Records excerpted from a collection:
---

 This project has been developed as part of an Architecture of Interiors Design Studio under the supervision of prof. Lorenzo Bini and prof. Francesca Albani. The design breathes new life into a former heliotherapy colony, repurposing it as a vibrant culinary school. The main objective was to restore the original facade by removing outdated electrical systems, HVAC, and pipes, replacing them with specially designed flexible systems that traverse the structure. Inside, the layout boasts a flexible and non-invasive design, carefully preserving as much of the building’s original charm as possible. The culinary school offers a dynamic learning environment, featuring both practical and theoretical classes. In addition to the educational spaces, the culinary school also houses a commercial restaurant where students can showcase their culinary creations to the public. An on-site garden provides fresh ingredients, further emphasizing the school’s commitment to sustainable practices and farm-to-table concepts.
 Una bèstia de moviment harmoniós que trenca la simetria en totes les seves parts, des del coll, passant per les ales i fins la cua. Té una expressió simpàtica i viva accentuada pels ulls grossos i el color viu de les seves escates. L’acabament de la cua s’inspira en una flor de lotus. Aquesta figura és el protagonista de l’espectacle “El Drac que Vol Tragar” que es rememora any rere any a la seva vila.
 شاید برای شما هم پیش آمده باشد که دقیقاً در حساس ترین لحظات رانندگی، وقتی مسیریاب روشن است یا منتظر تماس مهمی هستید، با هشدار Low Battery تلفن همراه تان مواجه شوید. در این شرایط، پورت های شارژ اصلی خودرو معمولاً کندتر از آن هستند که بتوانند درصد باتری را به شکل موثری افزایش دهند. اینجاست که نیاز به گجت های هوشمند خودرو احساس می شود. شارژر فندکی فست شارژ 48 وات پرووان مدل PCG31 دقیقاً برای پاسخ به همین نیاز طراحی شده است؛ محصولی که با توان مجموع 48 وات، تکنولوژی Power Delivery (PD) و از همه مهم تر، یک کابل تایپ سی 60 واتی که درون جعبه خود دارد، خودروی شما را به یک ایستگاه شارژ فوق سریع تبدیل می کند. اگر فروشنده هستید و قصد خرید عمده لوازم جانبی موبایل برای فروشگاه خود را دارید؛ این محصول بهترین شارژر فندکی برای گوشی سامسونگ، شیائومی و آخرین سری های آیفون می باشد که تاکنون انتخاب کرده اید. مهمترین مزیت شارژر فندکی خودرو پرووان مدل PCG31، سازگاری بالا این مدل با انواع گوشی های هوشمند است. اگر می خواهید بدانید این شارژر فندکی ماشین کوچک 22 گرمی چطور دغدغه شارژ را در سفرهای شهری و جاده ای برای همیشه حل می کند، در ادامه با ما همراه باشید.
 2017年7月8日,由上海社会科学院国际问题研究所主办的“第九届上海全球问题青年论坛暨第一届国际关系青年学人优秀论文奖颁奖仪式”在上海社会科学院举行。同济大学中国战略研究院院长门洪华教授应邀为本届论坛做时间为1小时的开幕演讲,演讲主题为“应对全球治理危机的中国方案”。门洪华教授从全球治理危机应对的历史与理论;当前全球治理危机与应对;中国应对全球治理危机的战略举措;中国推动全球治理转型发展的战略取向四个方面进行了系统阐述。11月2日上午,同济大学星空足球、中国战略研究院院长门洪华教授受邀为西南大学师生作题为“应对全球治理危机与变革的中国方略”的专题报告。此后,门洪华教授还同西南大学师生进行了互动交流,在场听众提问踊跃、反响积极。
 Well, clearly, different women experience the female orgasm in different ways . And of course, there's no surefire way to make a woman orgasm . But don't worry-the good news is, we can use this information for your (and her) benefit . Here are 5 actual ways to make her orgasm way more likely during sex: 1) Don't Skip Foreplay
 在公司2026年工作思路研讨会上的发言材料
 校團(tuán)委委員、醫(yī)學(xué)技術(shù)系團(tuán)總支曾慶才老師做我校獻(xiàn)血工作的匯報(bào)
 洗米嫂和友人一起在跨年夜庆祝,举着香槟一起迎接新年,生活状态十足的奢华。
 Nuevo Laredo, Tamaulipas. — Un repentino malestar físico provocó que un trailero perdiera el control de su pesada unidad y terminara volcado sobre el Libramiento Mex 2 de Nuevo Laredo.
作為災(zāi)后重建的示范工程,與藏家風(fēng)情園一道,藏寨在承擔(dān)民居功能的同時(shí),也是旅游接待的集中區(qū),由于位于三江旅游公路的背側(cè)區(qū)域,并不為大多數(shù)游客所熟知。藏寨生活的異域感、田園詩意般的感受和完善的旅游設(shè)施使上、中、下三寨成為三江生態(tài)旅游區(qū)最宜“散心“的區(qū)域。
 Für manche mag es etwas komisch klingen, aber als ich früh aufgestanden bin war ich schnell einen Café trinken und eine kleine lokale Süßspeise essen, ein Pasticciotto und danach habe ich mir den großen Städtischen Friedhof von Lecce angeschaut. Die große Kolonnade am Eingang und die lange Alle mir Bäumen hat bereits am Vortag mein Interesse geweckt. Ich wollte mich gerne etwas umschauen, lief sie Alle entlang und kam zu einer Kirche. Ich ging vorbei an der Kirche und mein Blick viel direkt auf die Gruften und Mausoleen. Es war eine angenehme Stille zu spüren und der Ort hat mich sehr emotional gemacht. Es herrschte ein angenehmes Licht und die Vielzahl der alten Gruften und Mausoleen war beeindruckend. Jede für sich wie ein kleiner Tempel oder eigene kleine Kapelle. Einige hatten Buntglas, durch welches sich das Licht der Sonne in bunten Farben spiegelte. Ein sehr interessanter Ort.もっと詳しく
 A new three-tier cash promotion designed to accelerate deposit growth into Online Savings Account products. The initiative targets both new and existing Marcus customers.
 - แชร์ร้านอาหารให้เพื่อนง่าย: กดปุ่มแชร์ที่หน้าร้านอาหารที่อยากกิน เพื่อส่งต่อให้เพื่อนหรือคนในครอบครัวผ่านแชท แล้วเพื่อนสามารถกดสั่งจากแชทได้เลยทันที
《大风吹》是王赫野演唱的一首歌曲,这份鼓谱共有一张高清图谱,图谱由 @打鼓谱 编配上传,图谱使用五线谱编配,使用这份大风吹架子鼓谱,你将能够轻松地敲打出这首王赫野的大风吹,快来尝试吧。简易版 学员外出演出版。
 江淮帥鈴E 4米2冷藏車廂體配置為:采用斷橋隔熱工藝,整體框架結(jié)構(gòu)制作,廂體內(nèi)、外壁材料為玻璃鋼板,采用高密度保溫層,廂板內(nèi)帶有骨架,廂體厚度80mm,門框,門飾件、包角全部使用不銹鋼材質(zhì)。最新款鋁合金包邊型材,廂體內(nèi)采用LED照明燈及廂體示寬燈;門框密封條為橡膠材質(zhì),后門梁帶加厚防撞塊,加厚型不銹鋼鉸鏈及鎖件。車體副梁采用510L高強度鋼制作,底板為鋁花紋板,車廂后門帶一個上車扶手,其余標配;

---

Problem details —
Please quote nothing but the lines from the line with "A new three-tier" through the end of the data above, exactly as written, ends included.

Task output —
 A new three-tier cash promotion designed to accelerate deposit growth into Online Savings Account products. The initiative targets both new and existing Marcus customers.
 - แชร์ร้านอาหารให้เพื่อนง่าย: กดปุ่มแชร์ที่หน้าร้านอาหารที่อยากกิน เพื่อส่งต่อให้เพื่อนหรือคนในครอบครัวผ่านแชท แล้วเพื่อนสามารถกดสั่งจากแชทได้เลยทันที
《大风吹》是王赫野演唱的一首歌曲,这份鼓谱共有一张高清图谱,图谱由 @打鼓谱 编配上传,图谱使用五线谱编配,使用这份大风吹架子鼓谱,你将能够轻松地敲打出这首王赫野的大风吹,快来尝试吧。简易版 学员外出演出版。
 江淮帥鈴E 4米2冷藏車廂體配置為:采用斷橋隔熱工藝,整體框架結(jié)構(gòu)制作,廂體內(nèi)、外壁材料為玻璃鋼板,采用高密度保溫層,廂板內(nèi)帶有骨架,廂體厚度80mm,門框,門飾件、包角全部使用不銹鋼材質(zhì)。最新款鋁合金包邊型材,廂體內(nèi)采用LED照明燈及廂體示寬燈;門框密封條為橡膠材質(zhì),后門梁帶加厚防撞塊,加厚型不銹鋼鉸鏈及鎖件。車體副梁采用510L高強度鋼制作,底板為鋁花紋板,車廂后門帶一個上車扶手,其余標配;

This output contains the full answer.